We had our last day of classes on Friday.  Afterward we celebrated the Day of the Dead with special sugar bread and a delicious warm, fruit drink.  Then we all went outside on the terrace and danced salsa (or at least tried).

Now that the class portion of the semester is over, tomorrow I am headed to the Amazon to start the internship section!  I’ll be in Tena, a town of 100,000 people and one of the places I visited the first time I went to the jungle. There are six other students who will be near me (mostly public health kids who are interning at the hospital), and we’re being driven the 3 hours out there tomorrow morning.

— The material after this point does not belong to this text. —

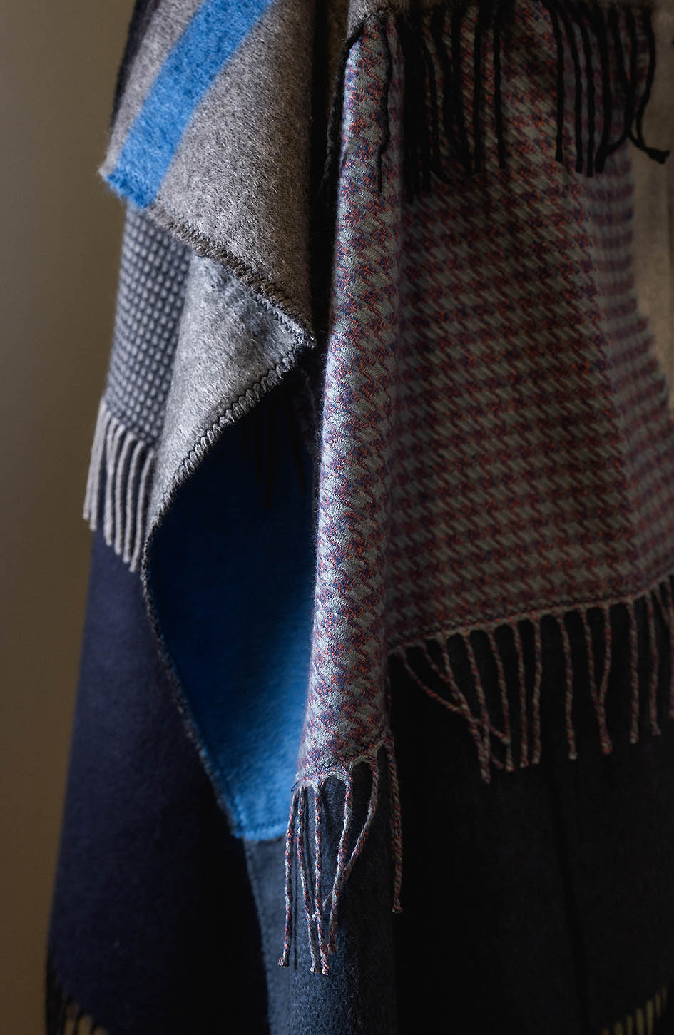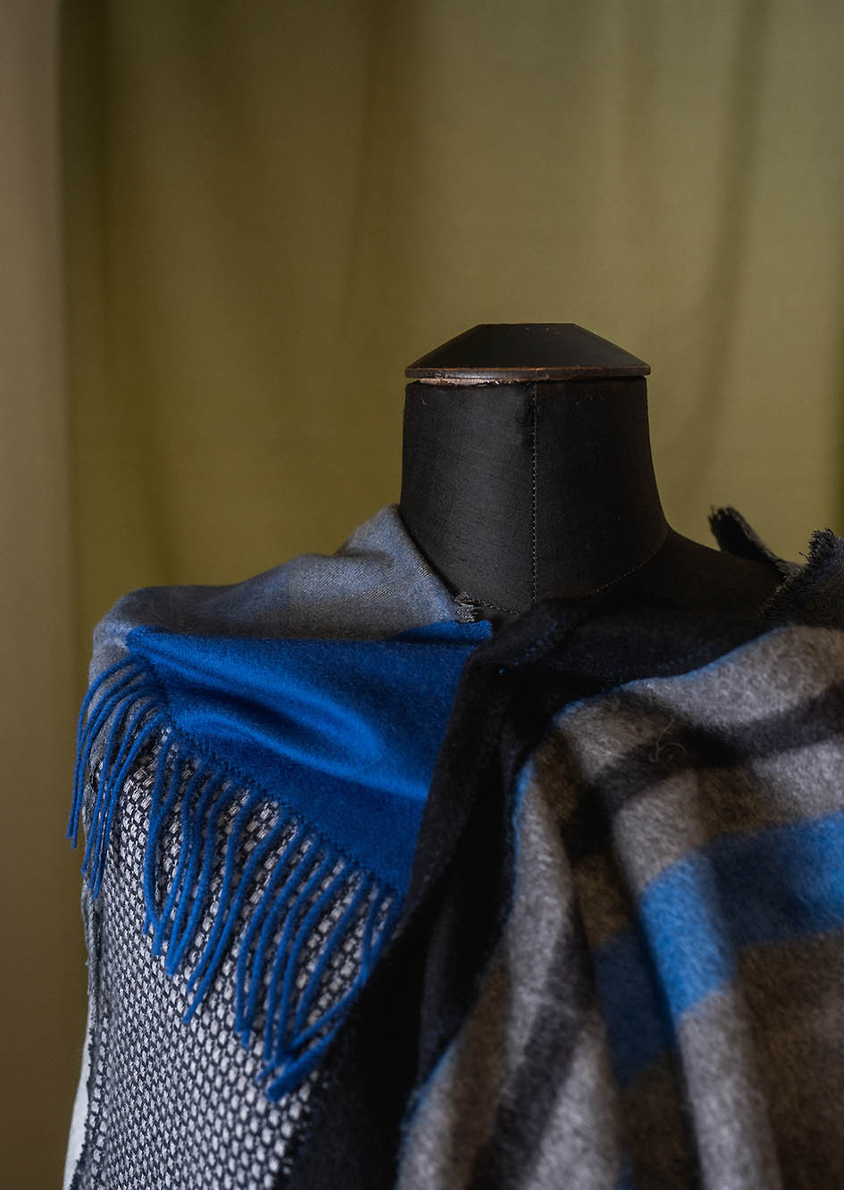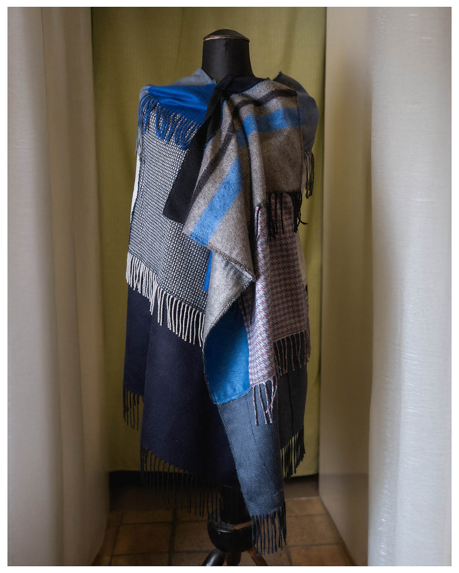 MANTELLA IN MORBIDO TESSUTO PURO CASHMERE DEL TERRITORIO BIELLESE, LAVORAZIONE PATCHWORK, COLORE NEI TONI DEL BLU/GRIGIO, MISURA LARGH. CM. 160, LUNGH. CM. 90, INTERAMENTE ESEGUITA A MANO.

I found a new internship, but I am still a little worried about it. Although my professor assures me this is not the case, I’m nervous it is too agriculture-based. I honestly am not sure even what the organization does…something about environmental education and cultivation. Hopefully it will be good!

Tomorrow I will also be getting a new family. Again, I know very little about them. I don’t know if I have host siblings or if it’s a single mom or anything. My professor did suggest, however, that they are very well connected…so we’ll see what that means.

I am a little sad to leave Quito and my family here. I didn’t like the city very much at first—and there are still things a dislike—but for the most part I am really comfortable here now.  I’m excited to move to a new place, but it will of course take some getting used to.  I am definitely worried about the change in weather!  Tena is hot and humid, whereas Quito has the most perfect weather.  It is like spring in the Midwest every day.

Wish me luck in the Amazon! I am not sure what my Internet situation will be, but hopefully I can post again soon.